=== Task material ===
══════════

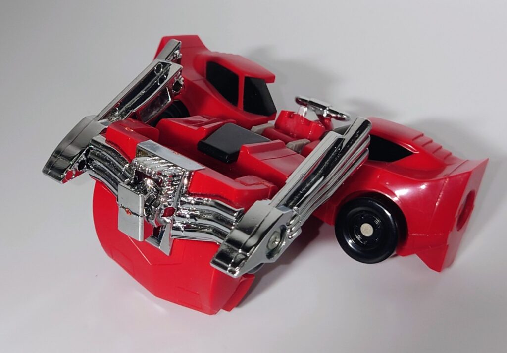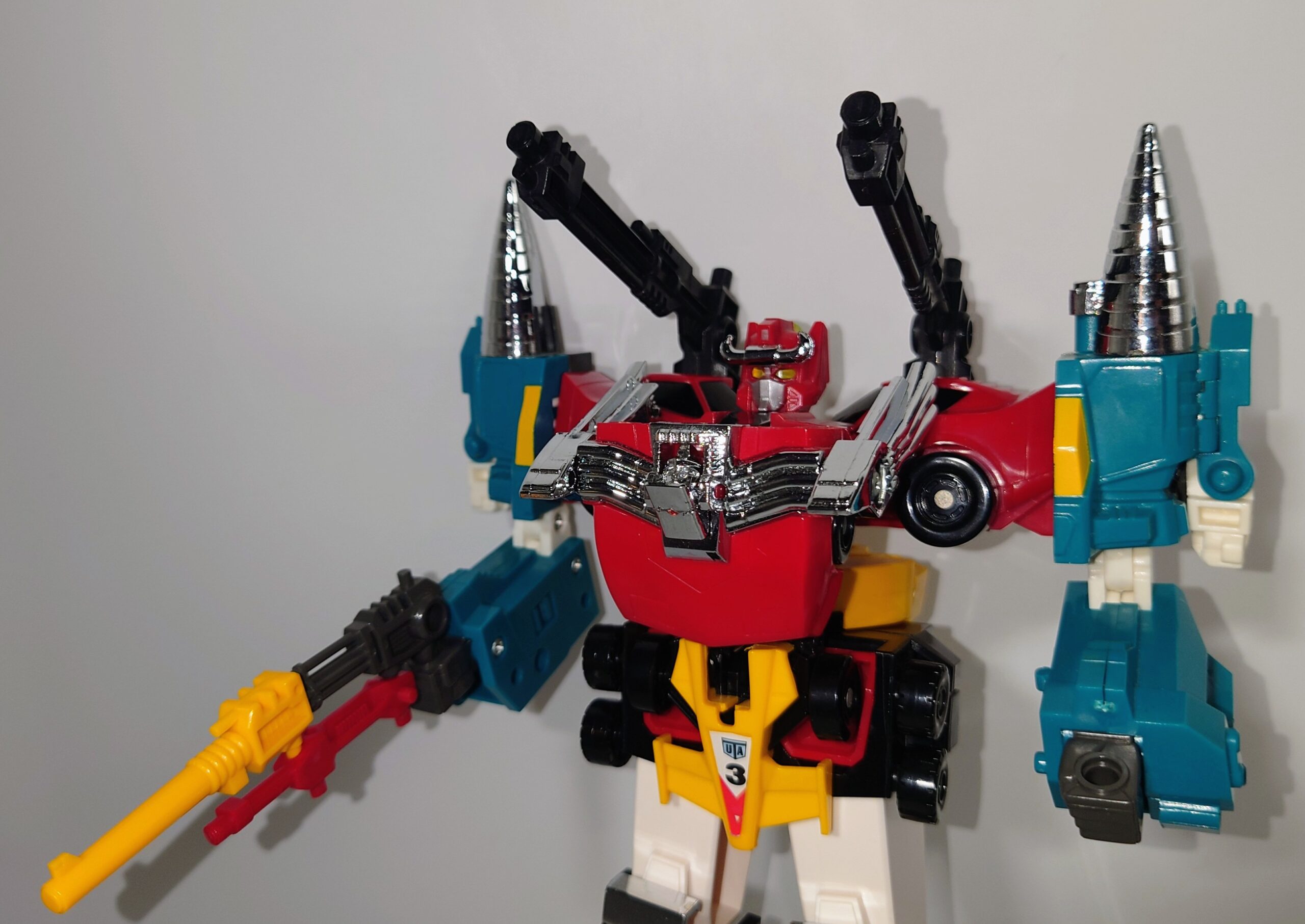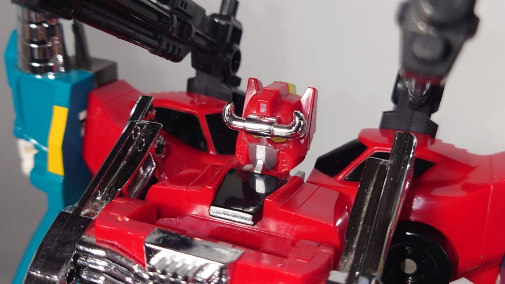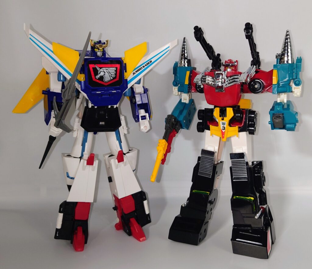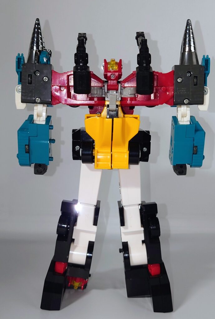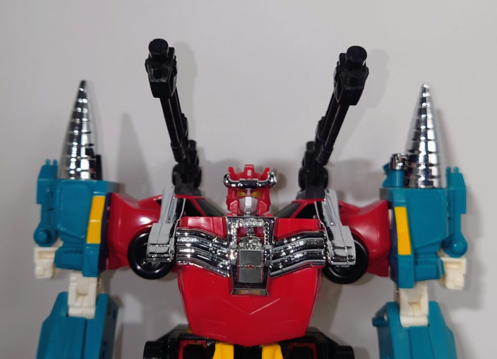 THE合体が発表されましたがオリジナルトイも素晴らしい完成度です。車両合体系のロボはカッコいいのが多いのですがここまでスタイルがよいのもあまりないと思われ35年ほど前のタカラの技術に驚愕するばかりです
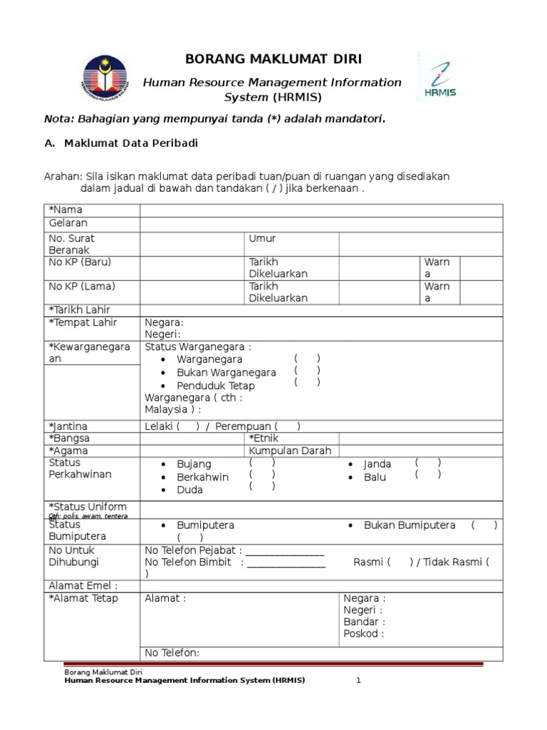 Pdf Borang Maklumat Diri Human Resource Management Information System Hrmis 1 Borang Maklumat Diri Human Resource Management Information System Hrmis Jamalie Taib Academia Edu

══════════

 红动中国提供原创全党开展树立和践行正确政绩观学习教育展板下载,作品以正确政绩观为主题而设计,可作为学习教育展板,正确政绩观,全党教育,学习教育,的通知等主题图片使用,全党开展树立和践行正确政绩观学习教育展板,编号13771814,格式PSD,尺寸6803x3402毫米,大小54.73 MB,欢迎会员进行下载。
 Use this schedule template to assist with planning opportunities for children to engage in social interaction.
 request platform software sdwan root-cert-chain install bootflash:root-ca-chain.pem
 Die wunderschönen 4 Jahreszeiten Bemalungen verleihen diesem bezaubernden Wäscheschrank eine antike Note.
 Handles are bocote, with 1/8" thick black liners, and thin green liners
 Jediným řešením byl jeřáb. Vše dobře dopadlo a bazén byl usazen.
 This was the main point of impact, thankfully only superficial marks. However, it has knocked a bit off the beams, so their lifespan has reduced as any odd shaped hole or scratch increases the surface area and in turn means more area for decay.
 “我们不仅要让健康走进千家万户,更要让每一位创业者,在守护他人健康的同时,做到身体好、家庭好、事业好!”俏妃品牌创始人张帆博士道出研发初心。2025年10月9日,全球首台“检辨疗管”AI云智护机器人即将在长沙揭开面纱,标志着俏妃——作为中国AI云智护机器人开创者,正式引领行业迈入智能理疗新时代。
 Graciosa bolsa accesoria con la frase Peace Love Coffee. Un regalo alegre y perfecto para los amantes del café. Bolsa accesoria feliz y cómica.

══════════

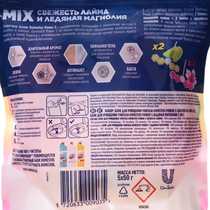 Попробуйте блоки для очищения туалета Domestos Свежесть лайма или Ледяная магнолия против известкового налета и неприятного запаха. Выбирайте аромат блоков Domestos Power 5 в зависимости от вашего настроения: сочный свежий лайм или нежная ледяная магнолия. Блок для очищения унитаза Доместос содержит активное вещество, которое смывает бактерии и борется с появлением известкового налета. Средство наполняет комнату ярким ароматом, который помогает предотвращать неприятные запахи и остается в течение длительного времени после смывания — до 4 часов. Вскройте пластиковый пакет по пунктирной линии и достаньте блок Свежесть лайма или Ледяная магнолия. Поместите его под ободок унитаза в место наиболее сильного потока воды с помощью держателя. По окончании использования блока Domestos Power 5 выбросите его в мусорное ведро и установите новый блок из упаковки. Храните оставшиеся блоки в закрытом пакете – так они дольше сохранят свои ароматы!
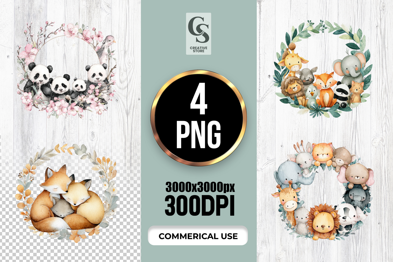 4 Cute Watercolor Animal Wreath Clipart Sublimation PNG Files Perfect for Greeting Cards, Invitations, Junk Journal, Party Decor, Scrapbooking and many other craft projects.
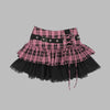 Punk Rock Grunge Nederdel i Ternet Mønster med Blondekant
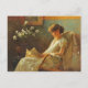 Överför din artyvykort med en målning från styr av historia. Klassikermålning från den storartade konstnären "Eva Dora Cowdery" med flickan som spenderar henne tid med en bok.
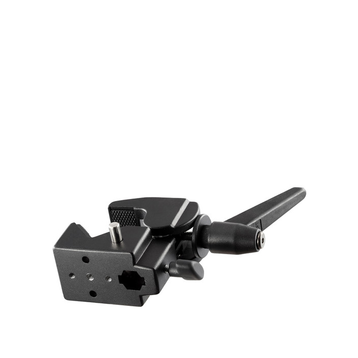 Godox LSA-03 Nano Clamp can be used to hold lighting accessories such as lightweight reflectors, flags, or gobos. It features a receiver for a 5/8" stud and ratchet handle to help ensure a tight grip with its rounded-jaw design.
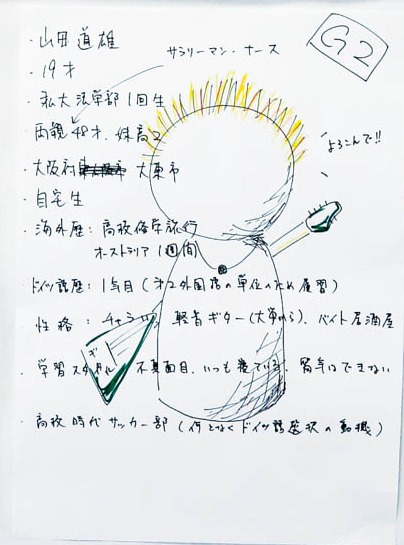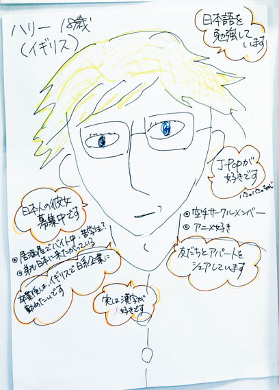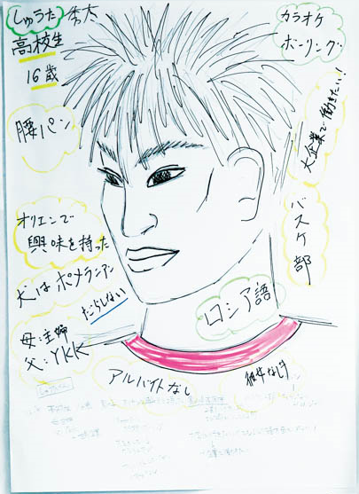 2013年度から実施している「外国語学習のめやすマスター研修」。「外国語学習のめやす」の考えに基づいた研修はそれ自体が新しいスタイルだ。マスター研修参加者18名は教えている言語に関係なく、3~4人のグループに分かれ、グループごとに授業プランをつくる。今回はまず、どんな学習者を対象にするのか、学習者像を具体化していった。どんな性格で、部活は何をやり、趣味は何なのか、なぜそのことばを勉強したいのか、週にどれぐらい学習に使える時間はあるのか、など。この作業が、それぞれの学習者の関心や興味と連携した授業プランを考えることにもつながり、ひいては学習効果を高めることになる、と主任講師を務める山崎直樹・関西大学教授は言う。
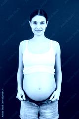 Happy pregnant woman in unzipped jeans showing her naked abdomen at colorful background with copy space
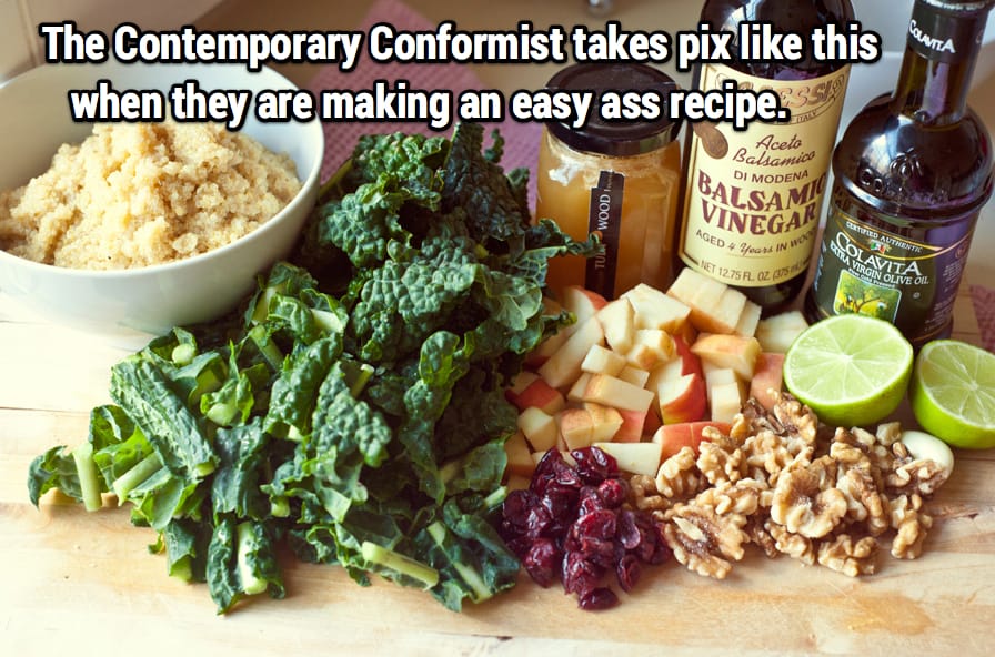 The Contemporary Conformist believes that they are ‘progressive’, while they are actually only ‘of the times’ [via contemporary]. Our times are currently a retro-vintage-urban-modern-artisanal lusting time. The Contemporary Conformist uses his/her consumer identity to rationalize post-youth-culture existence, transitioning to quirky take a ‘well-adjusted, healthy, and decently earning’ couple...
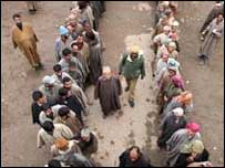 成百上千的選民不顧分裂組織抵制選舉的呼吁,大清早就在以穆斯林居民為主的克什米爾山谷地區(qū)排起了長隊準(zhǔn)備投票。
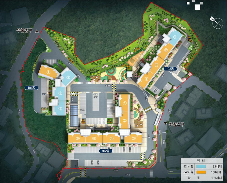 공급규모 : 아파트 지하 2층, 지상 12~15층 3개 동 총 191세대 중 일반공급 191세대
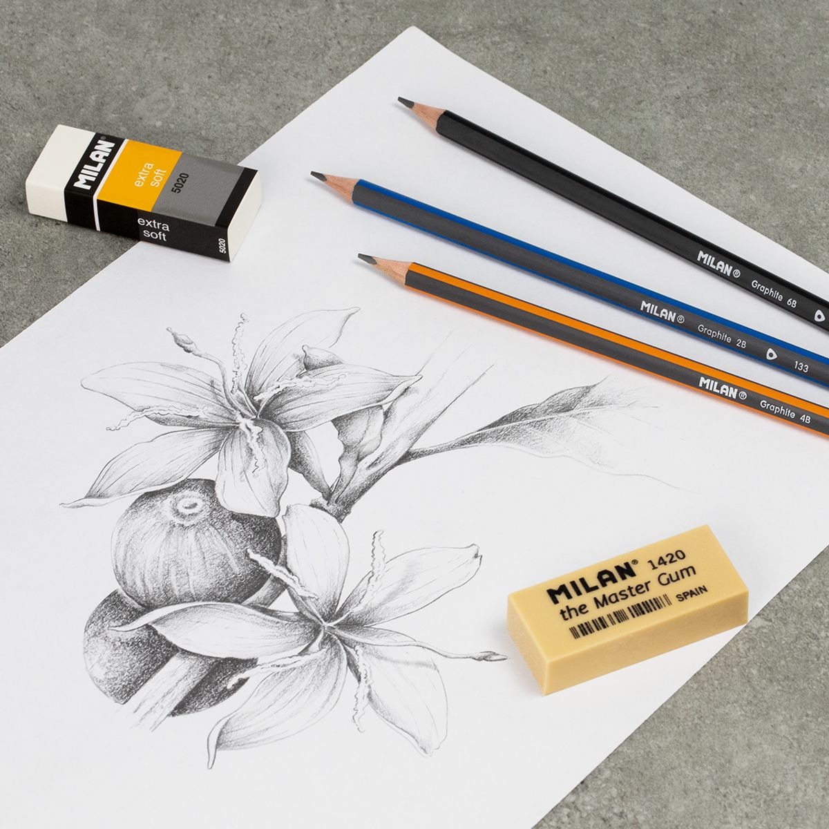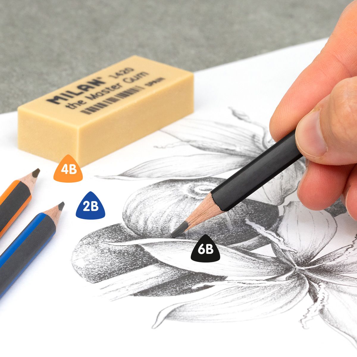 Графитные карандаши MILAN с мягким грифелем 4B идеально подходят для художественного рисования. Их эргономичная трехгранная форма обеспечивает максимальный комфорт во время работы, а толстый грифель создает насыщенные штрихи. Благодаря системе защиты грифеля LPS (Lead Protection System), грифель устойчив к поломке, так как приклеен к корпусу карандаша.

══════════

=== Activity ===
What is needed is a verbatim copy of every line in the records above from the one containing "红动中国提供原创全党开展树立" down to the one containing "Jediným řešením byl", both included, and nothing more.

=== Result for this task ===
 红动中国提供原创全党开展树立和践行正确政绩观学习教育展板下载,作品以正确政绩观为主题而设计,可作为学习教育展板,正确政绩观,全党教育,学习教育,的通知等主题图片使用,全党开展树立和践行正确政绩观学习教育展板,编号13771814,格式PSD,尺寸6803x3402毫米,大小54.73 MB,欢迎会员进行下载。
 Use this schedule template to assist with planning opportunities for children to engage in social interaction.
 request platform software sdwan root-cert-chain install bootflash:root-ca-chain.pem
 Die wunderschönen 4 Jahreszeiten Bemalungen verleihen diesem bezaubernden Wäscheschrank eine antike Note.
 Handles are bocote, with 1/8" thick black liners, and thin green liners
 Jediným řešením byl jeřáb. Vše dobře dopadlo a bazén byl usazen.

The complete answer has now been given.